Once upon a time, I wanted a large, grand, sprawling house. Something with a wandering rabbit-warren of rooms, high ceilings, grand furniture, glossy floors.
Time passes. Things change.
I spent time in South America, in third-world areas where simply having solid walls makes you wealthy. I spent time in Hong Kong, where entire multi-generation families live in one apartment. I spent time in Europe where housing costs mean houses are small, old, damp and crowded. I spent time living in a below-decks ship crew cabin roughly the size of an average closet – with a room mate. I spent time cleaning those giant houses I once longed after for a living.
We spent a bit over a month living in a 12×24 tent. We’ve spent nearly 5 months now living in a 7.5 x 35 bus. We are working our butts off to be able to move into a 20×24 single-room barn cabin with concrete floor, rough wood furniture, low ceilings and canvas walls. And it is good. It will be warm, and safe, and cozy.
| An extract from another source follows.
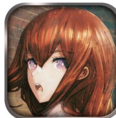
▲あつたかもしれない世界線!? ラブコメ路線で贈る、明るく弾けるシュタゲがここに！『STEINS;GATE 比翼恋理のだーりん』

I don’t have space in my life any more for the big and the grand. Simple. Homey. Warm. Authentic. These are the things that matter now.

‘Nice’ furniture doesnt survive the kids and animals anyway, so comfort over appearance. Having all the things means making space for and maintaining all the things. Instead, we choose a few, good quality things.
Life is too short to spend cleaning big ol’ houses and polishing furniture.